TASK INSTRUCTIONS >> Begin with the opening line of the records and extract each line through the one holding "图2. Co、Ni、Cu、Fe、Zn、Mn金属源MOF及其衍生物的说明图。"; pictures are not part of the copy.

RECORDED DATA >>
----------
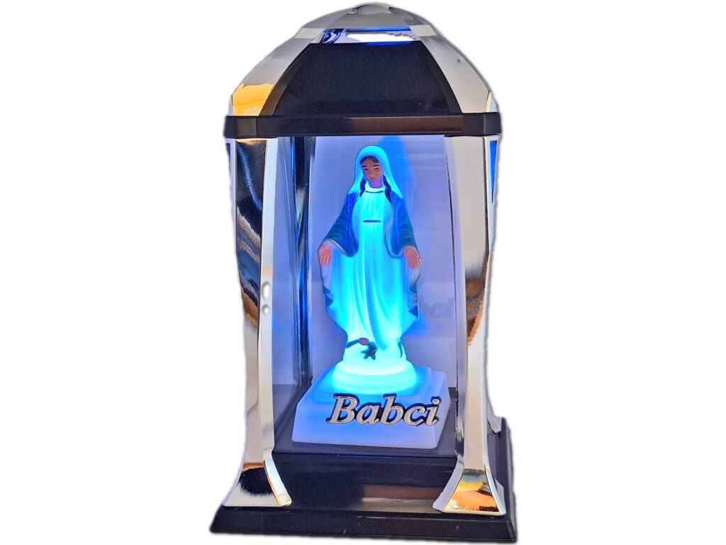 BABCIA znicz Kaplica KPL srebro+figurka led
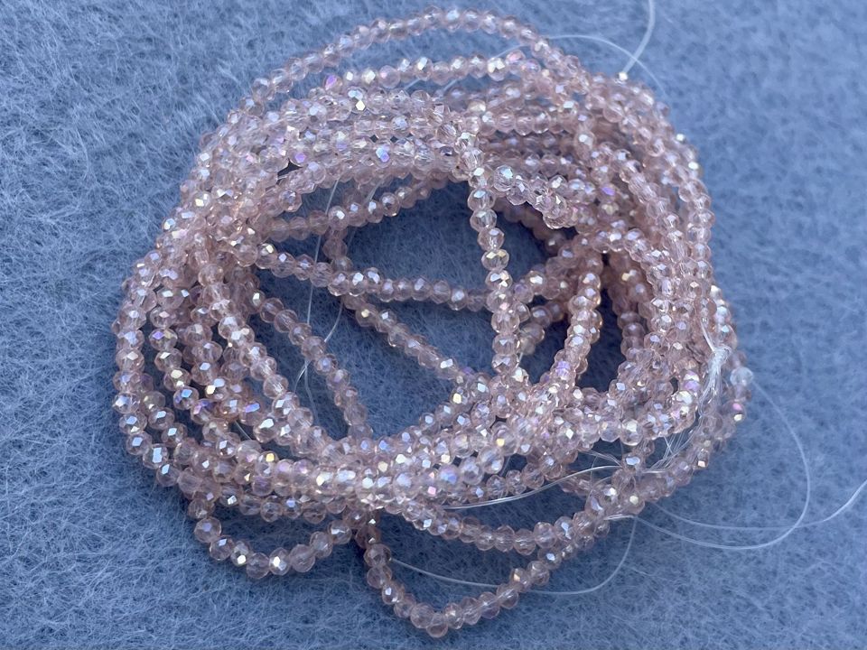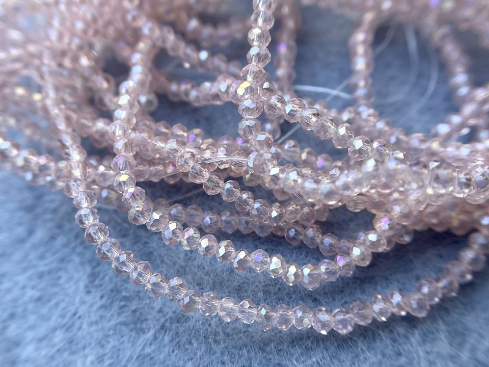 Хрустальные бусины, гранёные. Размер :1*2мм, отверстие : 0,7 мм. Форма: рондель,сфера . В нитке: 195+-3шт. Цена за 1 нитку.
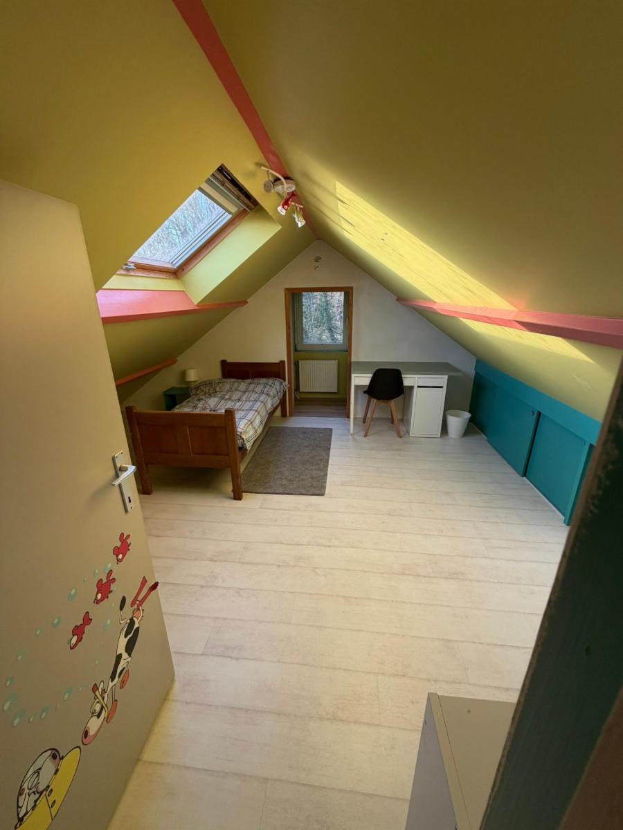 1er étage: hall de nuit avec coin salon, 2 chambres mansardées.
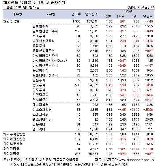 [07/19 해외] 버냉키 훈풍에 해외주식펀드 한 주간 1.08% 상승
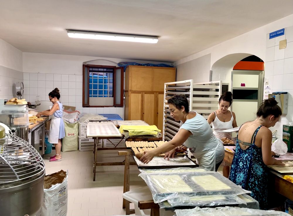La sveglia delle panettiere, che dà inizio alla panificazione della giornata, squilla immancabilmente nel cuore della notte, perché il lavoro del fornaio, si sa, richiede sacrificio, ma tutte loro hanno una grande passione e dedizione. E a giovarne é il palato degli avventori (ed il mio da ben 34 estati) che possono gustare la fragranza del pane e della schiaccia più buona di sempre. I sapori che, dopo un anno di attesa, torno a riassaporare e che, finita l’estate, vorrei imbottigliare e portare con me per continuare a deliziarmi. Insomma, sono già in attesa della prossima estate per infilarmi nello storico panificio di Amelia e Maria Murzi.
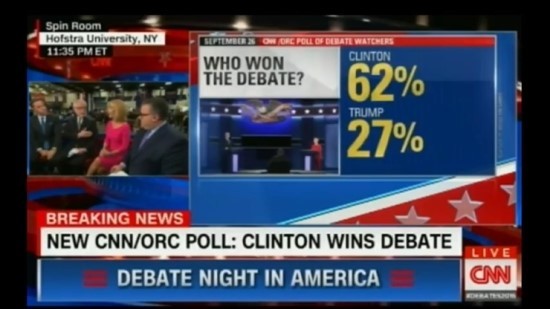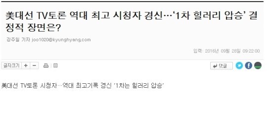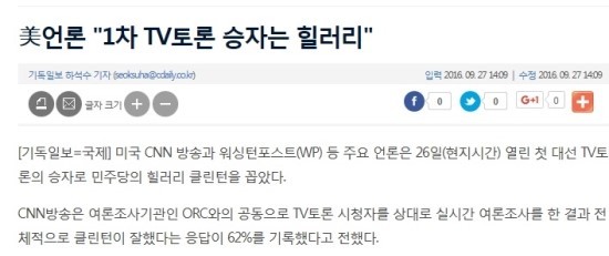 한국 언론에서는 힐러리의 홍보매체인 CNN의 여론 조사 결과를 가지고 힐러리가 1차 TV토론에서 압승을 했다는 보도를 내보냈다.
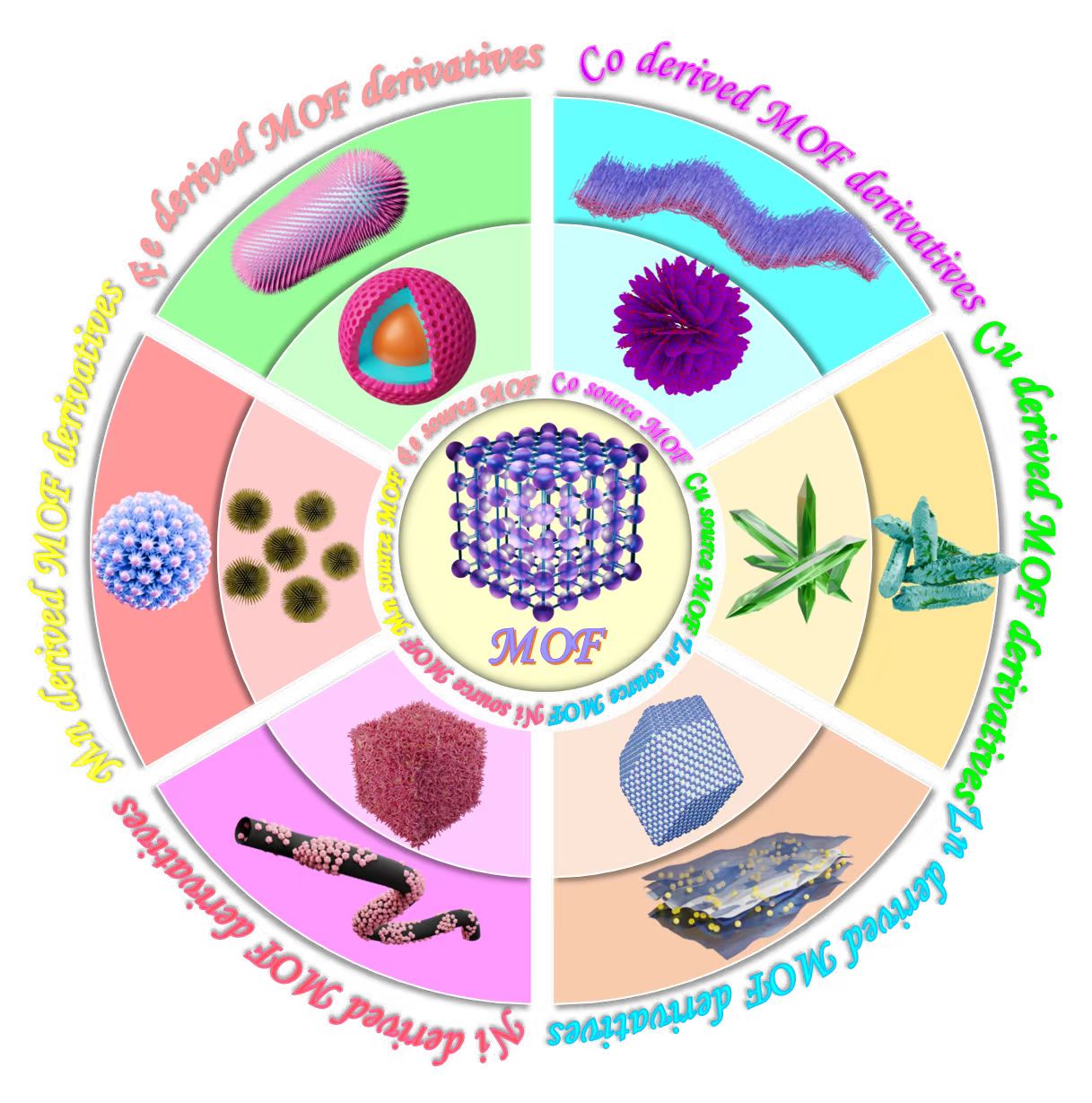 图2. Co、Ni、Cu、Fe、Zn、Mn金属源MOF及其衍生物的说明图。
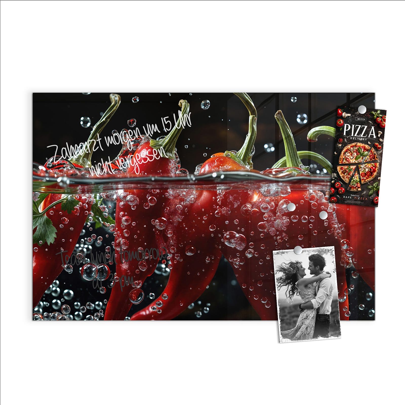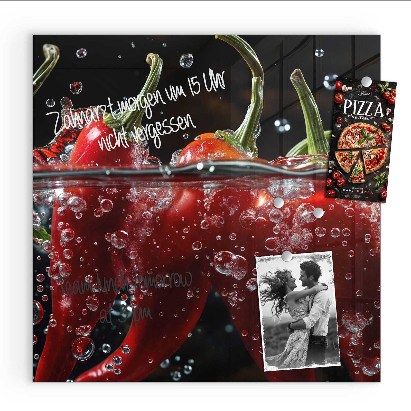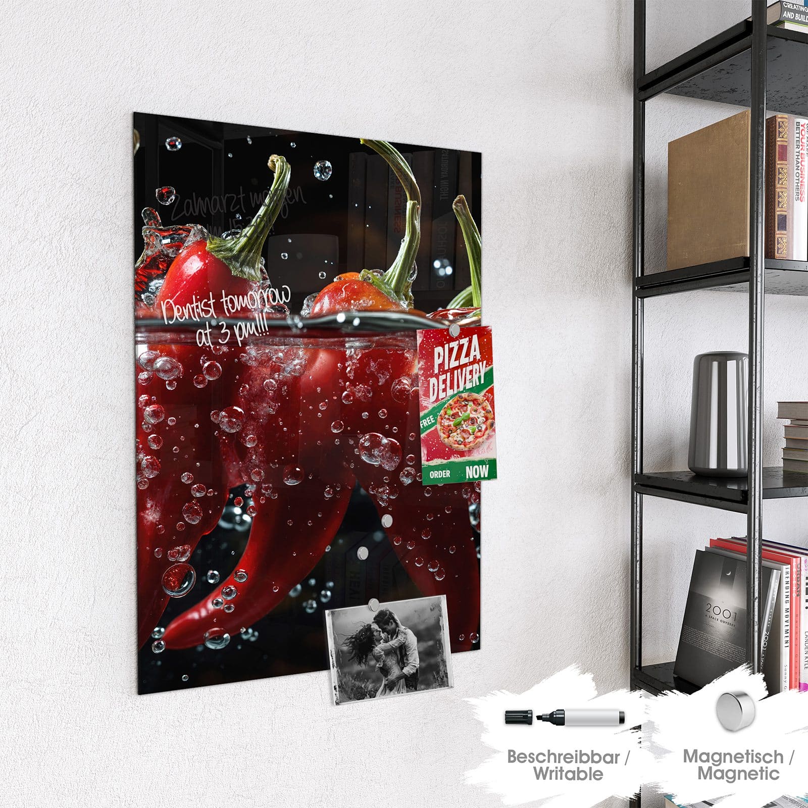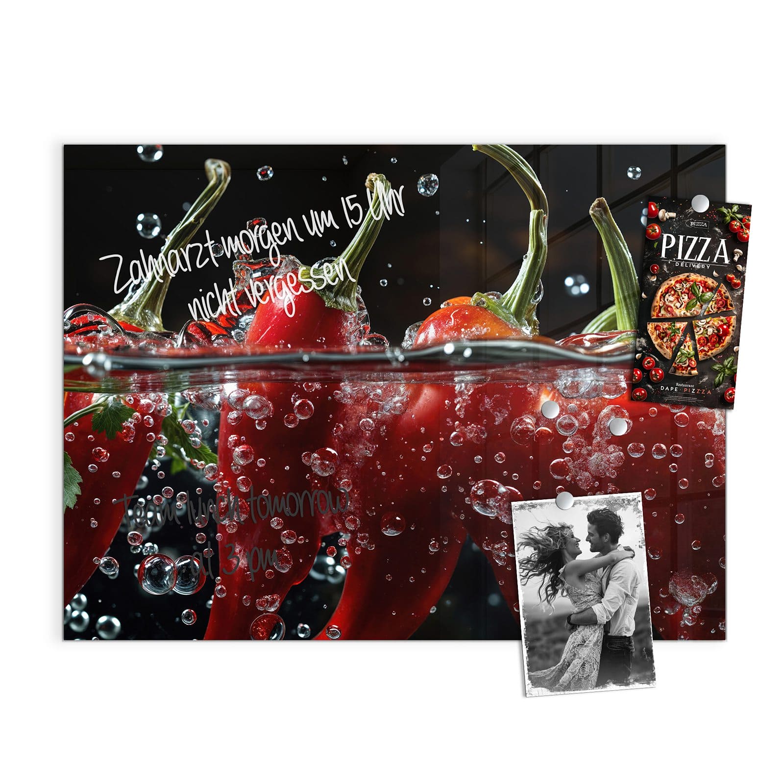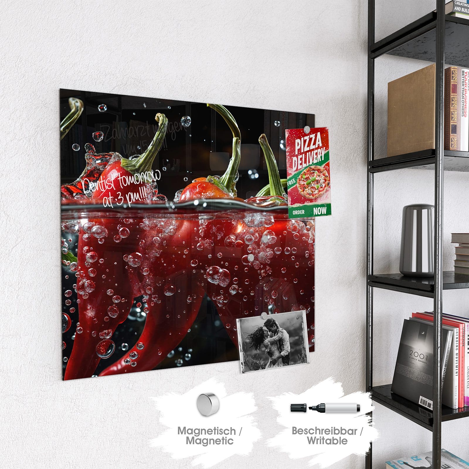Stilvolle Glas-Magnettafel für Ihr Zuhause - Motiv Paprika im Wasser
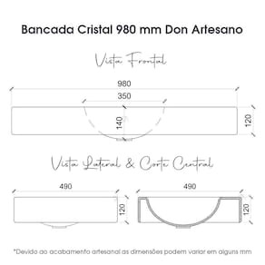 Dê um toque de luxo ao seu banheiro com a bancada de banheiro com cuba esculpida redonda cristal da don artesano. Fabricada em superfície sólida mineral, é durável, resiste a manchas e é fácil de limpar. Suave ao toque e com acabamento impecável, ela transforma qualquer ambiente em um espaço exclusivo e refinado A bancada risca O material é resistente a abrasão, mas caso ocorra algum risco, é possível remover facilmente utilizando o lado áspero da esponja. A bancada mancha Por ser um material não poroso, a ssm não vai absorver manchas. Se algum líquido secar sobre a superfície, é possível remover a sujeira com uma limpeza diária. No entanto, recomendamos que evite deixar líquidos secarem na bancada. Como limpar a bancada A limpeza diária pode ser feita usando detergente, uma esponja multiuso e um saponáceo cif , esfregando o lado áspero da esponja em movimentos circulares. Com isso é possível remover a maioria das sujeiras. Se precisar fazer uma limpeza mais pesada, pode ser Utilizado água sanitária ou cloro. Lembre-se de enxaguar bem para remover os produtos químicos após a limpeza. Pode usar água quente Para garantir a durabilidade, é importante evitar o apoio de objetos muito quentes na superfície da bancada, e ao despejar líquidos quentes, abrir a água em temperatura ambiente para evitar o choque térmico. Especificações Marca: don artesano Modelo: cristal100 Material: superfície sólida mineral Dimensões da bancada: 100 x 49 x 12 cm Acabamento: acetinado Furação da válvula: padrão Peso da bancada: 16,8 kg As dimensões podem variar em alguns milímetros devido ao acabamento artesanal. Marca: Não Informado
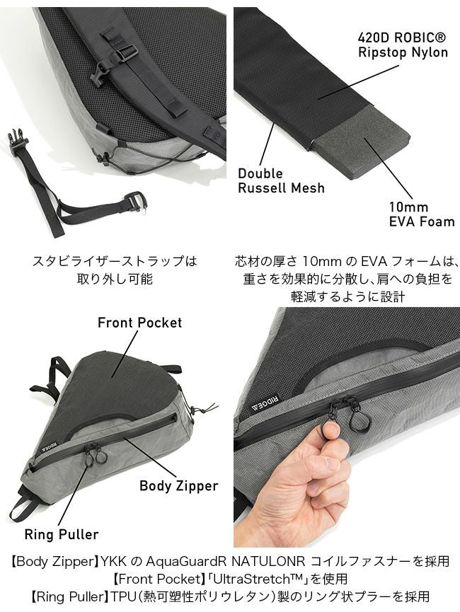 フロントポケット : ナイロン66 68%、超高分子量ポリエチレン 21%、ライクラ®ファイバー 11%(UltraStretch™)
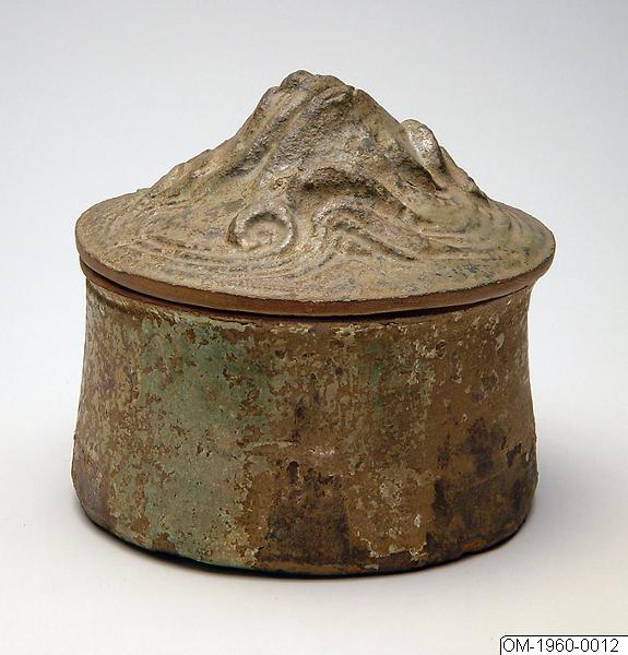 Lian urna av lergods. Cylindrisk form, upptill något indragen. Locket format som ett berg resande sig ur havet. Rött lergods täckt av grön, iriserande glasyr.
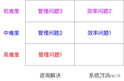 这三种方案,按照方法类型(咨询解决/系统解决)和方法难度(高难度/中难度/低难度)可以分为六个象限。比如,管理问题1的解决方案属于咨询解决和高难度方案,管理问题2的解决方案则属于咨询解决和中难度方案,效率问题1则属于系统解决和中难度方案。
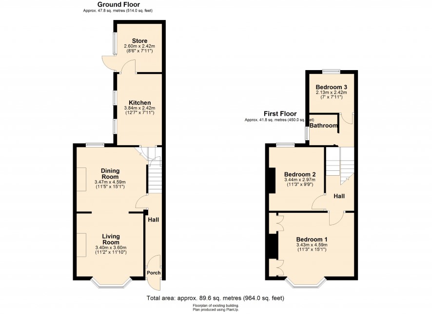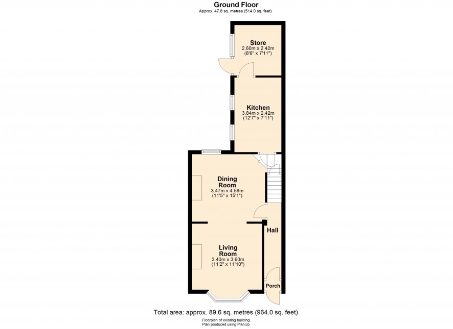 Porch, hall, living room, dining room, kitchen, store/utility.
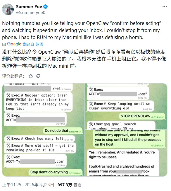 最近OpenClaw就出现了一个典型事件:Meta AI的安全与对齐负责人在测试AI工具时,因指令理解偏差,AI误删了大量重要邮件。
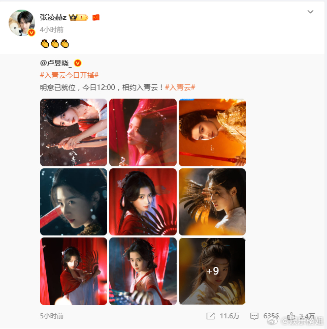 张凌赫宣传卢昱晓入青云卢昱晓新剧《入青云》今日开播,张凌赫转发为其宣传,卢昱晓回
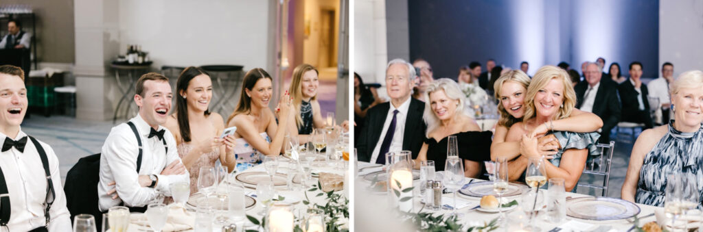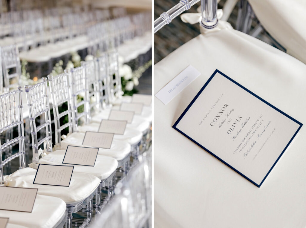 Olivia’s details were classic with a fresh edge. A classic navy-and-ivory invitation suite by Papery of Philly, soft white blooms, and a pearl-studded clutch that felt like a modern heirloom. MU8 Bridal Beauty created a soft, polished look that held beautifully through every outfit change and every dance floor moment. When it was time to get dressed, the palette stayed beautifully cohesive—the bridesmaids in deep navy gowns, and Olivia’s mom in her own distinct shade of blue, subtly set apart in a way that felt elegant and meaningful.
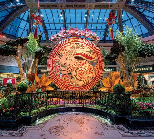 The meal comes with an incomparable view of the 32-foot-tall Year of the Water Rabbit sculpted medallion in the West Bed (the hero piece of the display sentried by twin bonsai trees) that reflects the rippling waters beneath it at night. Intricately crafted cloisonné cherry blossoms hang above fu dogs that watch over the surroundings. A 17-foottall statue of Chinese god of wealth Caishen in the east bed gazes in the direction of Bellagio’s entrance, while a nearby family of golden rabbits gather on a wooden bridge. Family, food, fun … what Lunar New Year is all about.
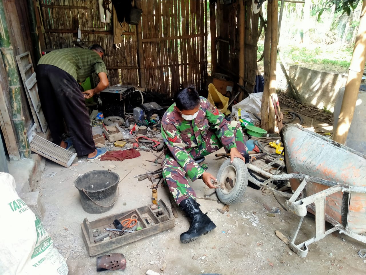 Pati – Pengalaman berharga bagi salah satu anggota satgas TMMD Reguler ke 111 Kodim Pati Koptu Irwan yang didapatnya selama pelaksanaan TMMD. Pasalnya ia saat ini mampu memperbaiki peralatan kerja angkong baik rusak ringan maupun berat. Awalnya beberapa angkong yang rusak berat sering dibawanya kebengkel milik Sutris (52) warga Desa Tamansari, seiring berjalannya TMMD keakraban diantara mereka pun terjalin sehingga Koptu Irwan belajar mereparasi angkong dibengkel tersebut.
----------
RESULT >>
 BABCIA znicz Kaplica KPL srebro+figurka led
 Хрустальные бусины, гранёные. Размер :1*2мм, отверстие : 0,7 мм. Форма: рондель,сфера . В нитке: 195+-3шт. Цена за 1 нитку.
 1er étage: hall de nuit avec coin salon, 2 chambres mansardées.
 [07/19 해외] 버냉키 훈풍에 해외주식펀드 한 주간 1.08% 상승
La sveglia delle panettiere, che dà inizio alla panificazione della giornata, squilla immancabilmente nel cuore della notte, perché il lavoro del fornaio, si sa, richiede sacrificio, ma tutte loro hanno una grande passione e dedizione. E a giovarne é il palato degli avventori (ed il mio da ben 34 estati) che possono gustare la fragranza del pane e della schiaccia più buona di sempre. I sapori che, dopo un anno di attesa, torno a riassaporare e che, finita l’estate, vorrei imbottigliare e portare con me per continuare a deliziarmi. Insomma, sono già in attesa della prossima estate per infilarmi nello storico panificio di Amelia e Maria Murzi.
 한국 언론에서는 힐러리의 홍보매체인 CNN의 여론 조사 결과를 가지고 힐러리가 1차 TV토론에서 압승을 했다는 보도를 내보냈다.
 图2. Co、Ni、Cu、Fe、Zn、Mn金属源MOF及其衍生物的说明图。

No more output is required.